- **Aim of the exercise**
Each line of the records below needs repeating exactly. Skip the pictures.

[Working data — start]

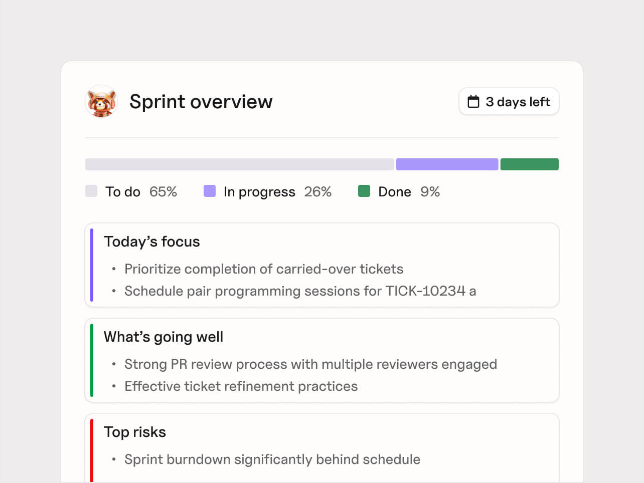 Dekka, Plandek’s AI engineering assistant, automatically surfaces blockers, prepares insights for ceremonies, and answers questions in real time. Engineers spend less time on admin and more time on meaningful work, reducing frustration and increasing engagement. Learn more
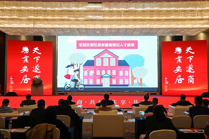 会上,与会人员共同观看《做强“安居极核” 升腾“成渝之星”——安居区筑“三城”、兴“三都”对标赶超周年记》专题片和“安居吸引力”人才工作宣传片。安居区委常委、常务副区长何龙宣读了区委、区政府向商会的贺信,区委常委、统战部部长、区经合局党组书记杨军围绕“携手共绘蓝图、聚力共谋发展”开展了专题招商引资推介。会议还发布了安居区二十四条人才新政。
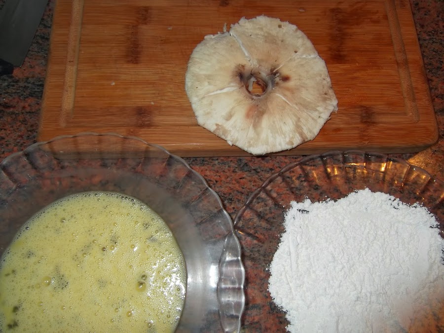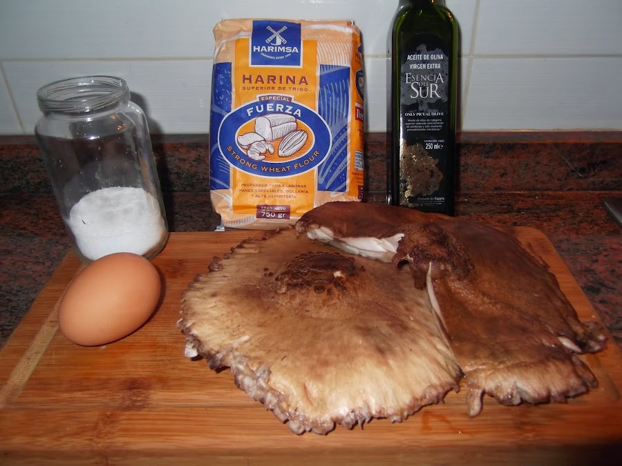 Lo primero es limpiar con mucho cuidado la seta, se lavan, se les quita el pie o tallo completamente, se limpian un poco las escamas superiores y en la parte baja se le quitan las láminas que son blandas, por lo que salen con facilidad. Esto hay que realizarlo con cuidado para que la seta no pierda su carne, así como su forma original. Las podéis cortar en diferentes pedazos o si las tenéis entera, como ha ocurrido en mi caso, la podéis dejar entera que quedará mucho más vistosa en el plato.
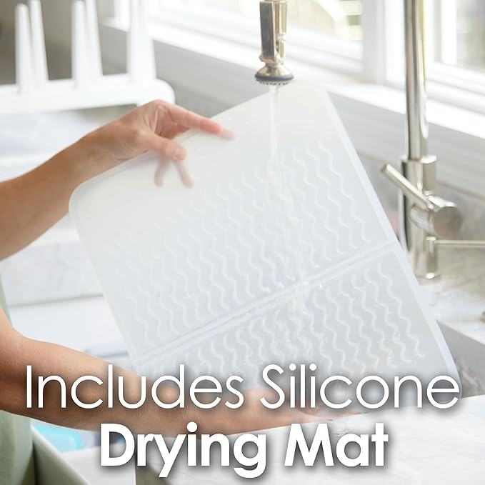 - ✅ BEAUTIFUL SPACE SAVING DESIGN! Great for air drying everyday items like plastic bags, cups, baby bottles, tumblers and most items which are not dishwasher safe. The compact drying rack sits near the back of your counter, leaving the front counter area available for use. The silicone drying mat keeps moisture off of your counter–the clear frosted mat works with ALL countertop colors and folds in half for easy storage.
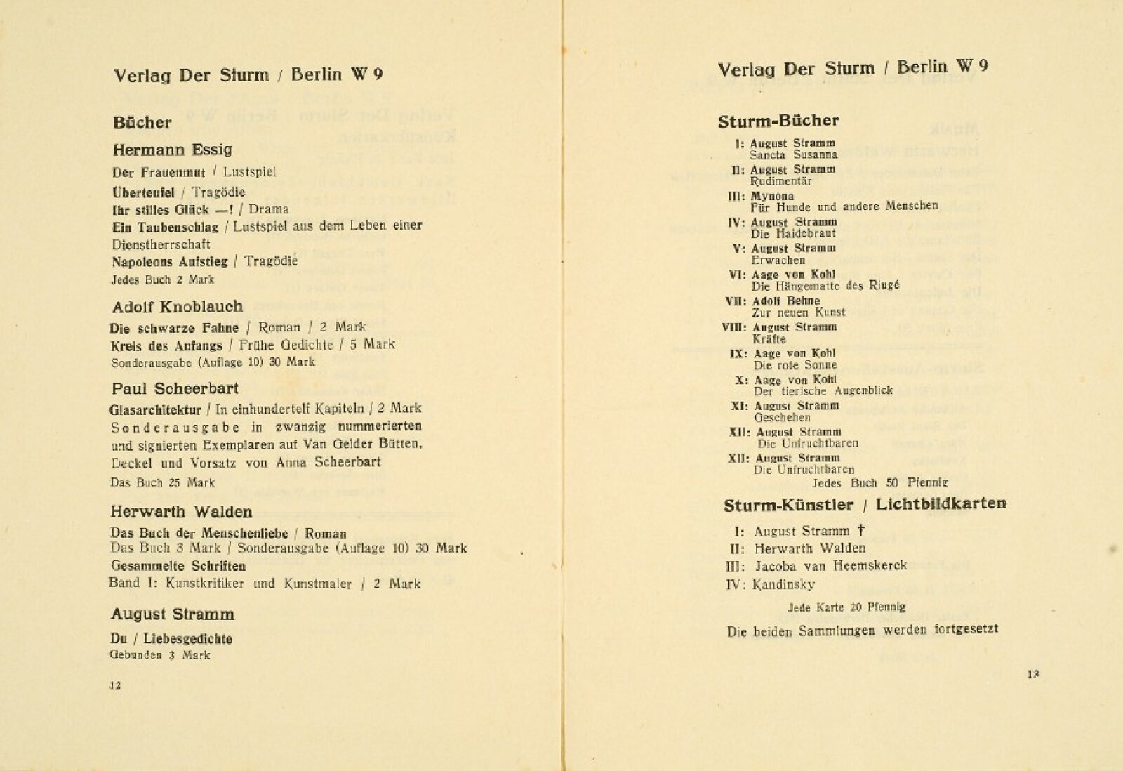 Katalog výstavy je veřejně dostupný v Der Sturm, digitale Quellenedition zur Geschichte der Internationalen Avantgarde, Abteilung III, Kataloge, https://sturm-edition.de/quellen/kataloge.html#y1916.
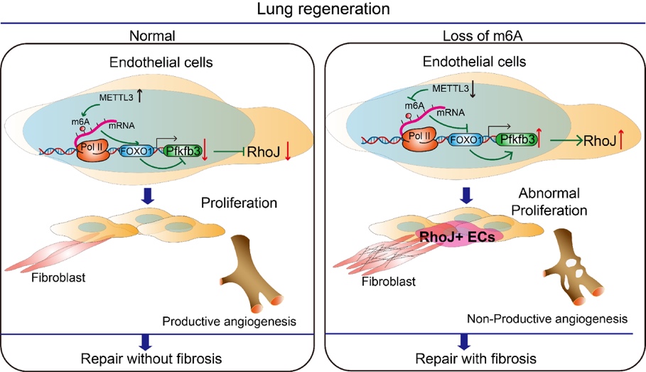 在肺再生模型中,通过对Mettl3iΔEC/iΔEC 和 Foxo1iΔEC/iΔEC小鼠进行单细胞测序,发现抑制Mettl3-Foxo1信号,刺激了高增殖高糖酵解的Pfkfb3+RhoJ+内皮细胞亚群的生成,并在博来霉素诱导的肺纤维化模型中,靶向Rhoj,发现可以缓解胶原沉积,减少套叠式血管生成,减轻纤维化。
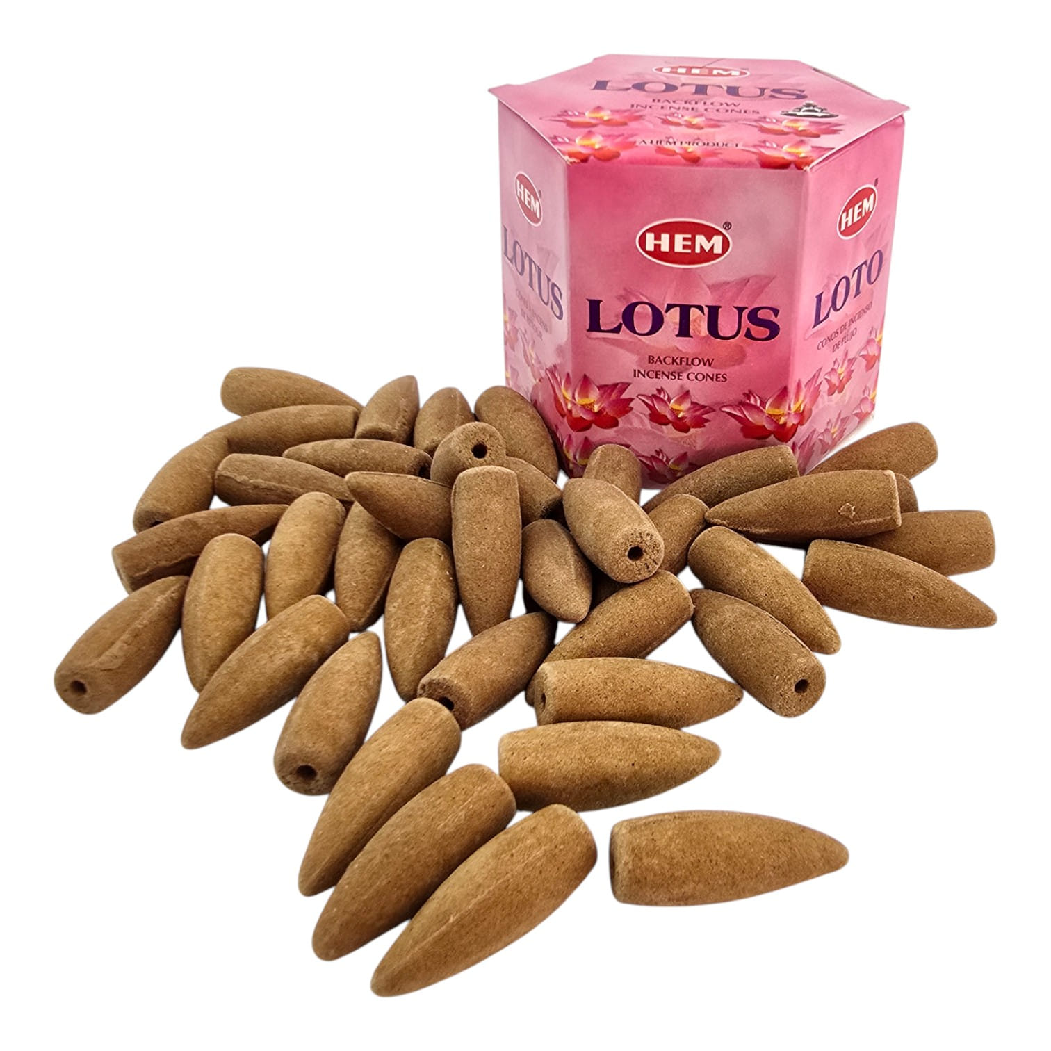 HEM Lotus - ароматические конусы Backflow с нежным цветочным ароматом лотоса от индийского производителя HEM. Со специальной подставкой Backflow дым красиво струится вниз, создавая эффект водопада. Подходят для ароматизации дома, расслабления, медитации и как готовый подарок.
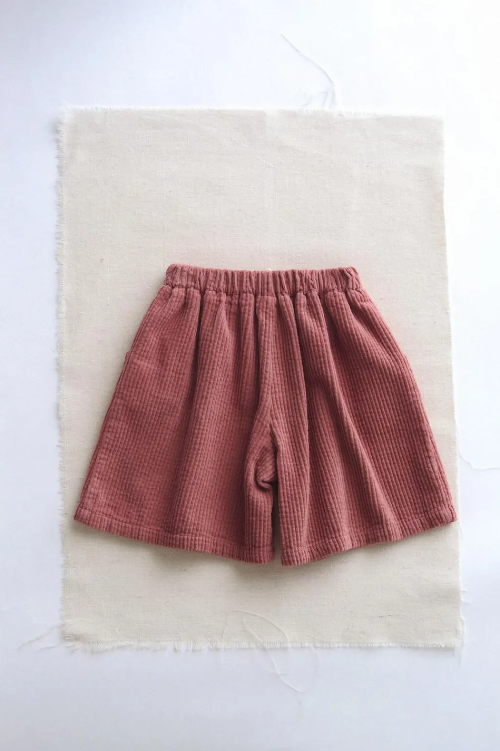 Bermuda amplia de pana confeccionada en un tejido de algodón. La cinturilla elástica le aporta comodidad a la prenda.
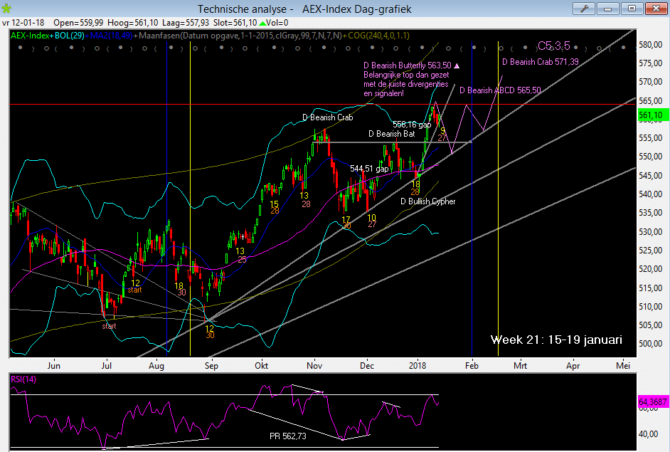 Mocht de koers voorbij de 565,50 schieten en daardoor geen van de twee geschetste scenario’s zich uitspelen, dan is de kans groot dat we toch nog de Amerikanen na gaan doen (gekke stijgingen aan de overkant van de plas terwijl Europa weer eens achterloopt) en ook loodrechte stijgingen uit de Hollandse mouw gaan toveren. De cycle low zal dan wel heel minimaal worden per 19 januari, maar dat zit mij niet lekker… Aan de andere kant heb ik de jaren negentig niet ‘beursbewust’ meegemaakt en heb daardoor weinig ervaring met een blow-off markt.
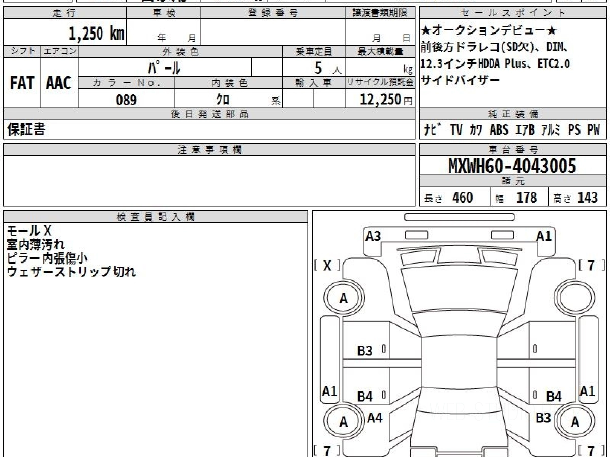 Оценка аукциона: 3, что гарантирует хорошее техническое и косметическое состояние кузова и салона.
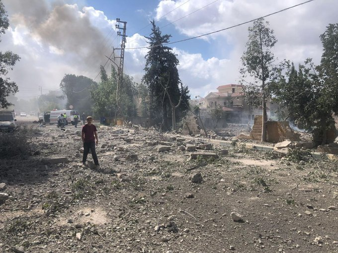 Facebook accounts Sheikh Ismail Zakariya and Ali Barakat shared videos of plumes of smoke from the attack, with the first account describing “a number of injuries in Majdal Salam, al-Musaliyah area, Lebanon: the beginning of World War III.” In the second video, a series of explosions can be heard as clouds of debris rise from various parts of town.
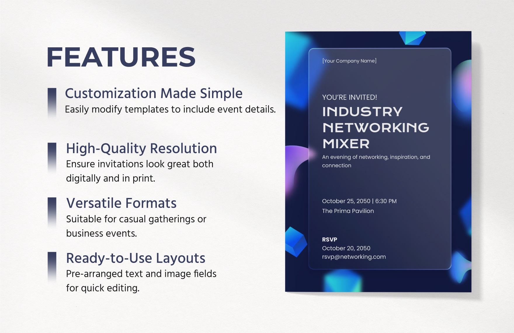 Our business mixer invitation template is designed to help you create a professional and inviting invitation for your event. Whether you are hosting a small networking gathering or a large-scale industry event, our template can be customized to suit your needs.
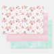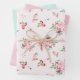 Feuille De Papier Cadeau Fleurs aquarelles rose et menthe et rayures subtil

[Working data — finish]

- **Exercise response**
 Dekka, Plandek’s AI engineering assistant, automatically surfaces blockers, prepares insights for ceremonies, and answers questions in real time. Engineers spend less time on admin and more time on meaningful work, reducing frustration and increasing engagement. Learn more
 会上,与会人员共同观看《做强“安居极核” 升腾“成渝之星”——安居区筑“三城”、兴“三都”对标赶超周年记》专题片和“安居吸引力”人才工作宣传片。安居区委常委、常务副区长何龙宣读了区委、区政府向商会的贺信,区委常委、统战部部长、区经合局党组书记杨军围绕“携手共绘蓝图、聚力共谋发展”开展了专题招商引资推介。会议还发布了安居区二十四条人才新政。
 Lo primero es limpiar con mucho cuidado la seta, se lavan, se les quita el pie o tallo completamente, se limpian un poco las escamas superiores y en la parte baja se le quitan las láminas que son blandas, por lo que salen con facilidad. Esto hay que realizarlo con cuidado para que la seta no pierda su carne, así como su forma original. Las podéis cortar en diferentes pedazos o si las tenéis entera, como ha ocurrido en mi caso, la podéis dejar entera que quedará mucho más vistosa en el plato.
 - ✅ BEAUTIFUL SPACE SAVING DESIGN! Great for air drying everyday items like plastic bags, cups, baby bottles, tumblers and most items which are not dishwasher safe. The compact drying rack sits near the back of your counter, leaving the front counter area available for use. The silicone drying mat keeps moisture off of your counter–the clear frosted mat works with ALL countertop colors and folds in half for easy storage.
 Katalog výstavy je veřejně dostupný v Der Sturm, digitale Quellenedition zur Geschichte der Internationalen Avantgarde, Abteilung III, Kataloge, https://sturm-edition.de/quellen/kataloge.html#y1916.
 在肺再生模型中,通过对Mettl3iΔEC/iΔEC 和 Foxo1iΔEC/iΔEC小鼠进行单细胞测序,发现抑制Mettl3-Foxo1信号,刺激了高增殖高糖酵解的Pfkfb3+RhoJ+内皮细胞亚群的生成,并在博来霉素诱导的肺纤维化模型中,靶向Rhoj,发现可以缓解胶原沉积,减少套叠式血管生成,减轻纤维化。
 HEM Lotus - ароматические конусы Backflow с нежным цветочным ароматом лотоса от индийского производителя HEM. Со специальной подставкой Backflow дым красиво струится вниз, создавая эффект водопада. Подходят для ароматизации дома, расслабления, медитации и как готовый подарок.
 Bermuda amplia de pana confeccionada en un tejido de algodón. La cinturilla elástica le aporta comodidad a la prenda.
 Mocht de koers voorbij de 565,50 schieten en daardoor geen van de twee geschetste scenario’s zich uitspelen, dan is de kans groot dat we toch nog de Amerikanen na gaan doen (gekke stijgingen aan de overkant van de plas terwijl Europa weer eens achterloopt) en ook loodrechte stijgingen uit de Hollandse mouw gaan toveren. De cycle low zal dan wel heel minimaal worden per 19 januari, maar dat zit mij niet lekker… Aan de andere kant heb ik de jaren negentig niet ‘beursbewust’ meegemaakt en heb daardoor weinig ervaring met een blow-off markt.
 Оценка аукциона: 3, что гарантирует хорошее техническое и косметическое состояние кузова и салона.
 Facebook accounts Sheikh Ismail Zakariya and Ali Barakat shared videos of plumes of smoke from the attack, with the first account describing “a number of injuries in Majdal Salam, al-Musaliyah area, Lebanon: the beginning of World War III.” In the second video, a series of explosions can be heard as clouds of debris rise from various parts of town.
 Our business mixer invitation template is designed to help you create a professional and inviting invitation for your event. Whether you are hosting a small networking gathering or a large-scale industry event, our template can be customized to suit your needs.
 Feuille De Papier Cadeau Fleurs aquarelles rose et menthe et rayures subtil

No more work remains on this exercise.